Computational Requirements: Generating a 50-frame video for a single query point requires 7–30 minutes on A40/L40S GPUs, depending on model size.
Hyperparameters: Optimal performance is achieved with a denoising strength of 0.5, a search radius of 2 pixels, and a guidance weight $\lambda = 8$ .
Color Detection: HSV color space is preferred for marker detection; LAB yields slightly lower accuracy.
Pipeline Efficiency: The method is not optimized for speed but could be distilled into a more efficient model or extended to track multiple points simultaneously.

Limitations

Per-Point Generation: Each tracked point requires a separate video generation, limiting scalability.
Failure Modes: The model may fail to interpret the marker as attached to the object, especially in synthetic or low-texture scenes.
Generalization: Performance drops on synthetic datasets (e.g., Kubric) due to domain mismatch with training data.

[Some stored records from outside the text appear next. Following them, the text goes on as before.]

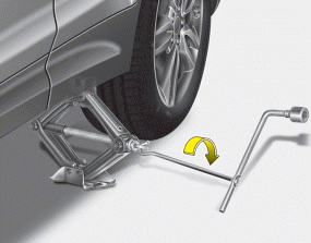 6. Loosen the wheel lug nuts counterclockwise one turn each, but do not remove any nut until the tire has been raised off the ground.
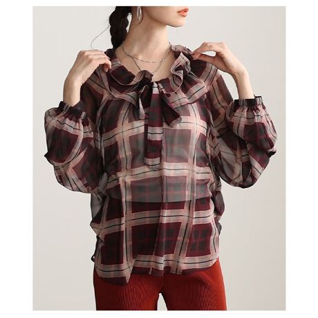 チェック柄にシフォンのフリルカラーを合わせたラグランブラウス。ふんわり軽やかなシルエットで、着るだけでコーデに華やかさをプラス。甘さと上品さを程よく楽しめる一枚です☆
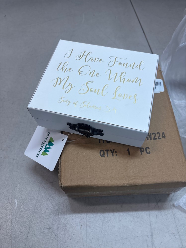 Keep wedding rings safe and secure in this adorable wooden ring holder box! This white wooden ring box is both functional and perfect to incorporate into your wedding photos and kept after as a keepsake. The inscription reads "I Have Found The One Whom My Soul Loves - Song of Solomon 3:4." Secure this decorative, elegant box with a buckle clasp. Makes a thoughtful and charming wedding gift ideal for engagement parties, bridal showers, weddings, bachelorette/bachelor celebrations, anniversaries, and Valentine's Day! This Mr. And Mrs. Ring holder measures approximately 5"W x 6"D x 2"H. The perfect alternative to a ring bearer pillow! Highlights: Measures 6"W x 2"H x 5"D.
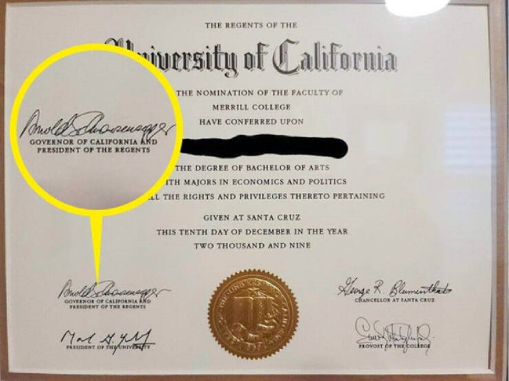 12. “And my bachelor’s degree was signed by Arnold Schwarzenegger himself.”
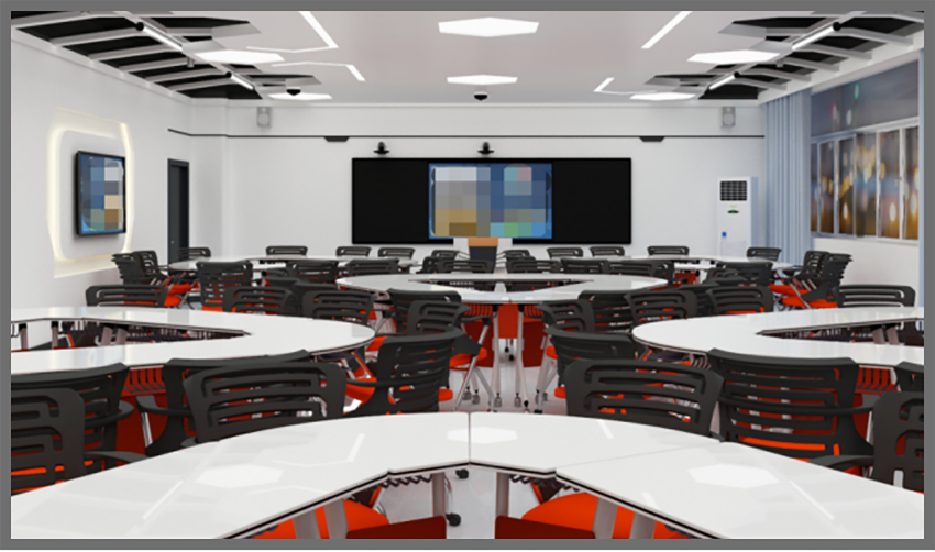 精品录播室主要用于精品课程的录制而建设的特定智慧功能空间,它将授课电脑信号、老师授课和师生互动场景以及课堂板书等进行智能化的跟踪切换录制,自动生成优质精品课程资源。

Implications and Future Directions

This work demonstrates that pretrained video diffusion models possess emergent tracking capabilities that can be elicited via visual prompting. The approach unifies generative modeling and motion analysis, suggesting that generative models can serve as a source of pretraining for tracking tasks. Future research may explore:

Efficient Distillation: Compressing the tracking behavior into lightweight models for real-time applications.
Multi-Point Tracking: Extending the method to simultaneously track multiple points.
Generalization: Improving robustness to synthetic and out-of-distribution videos.
Prompting Schemes: Developing more sophisticated visual prompts for other video understanding tasks.

Conclusion

The paper establishes that video diffusion models, when prompted with simple visual cues, can perform zero-shot point tracking with competitive accuracy. The method leverages counterfactual modeling and negative prompting to maintain marker visibility, and achieves strong results on standard benchmarks. This approach opens new avenues for adapting generative models to video analysis tasks and highlights the potential for further integration of generation and tracking in computer vision.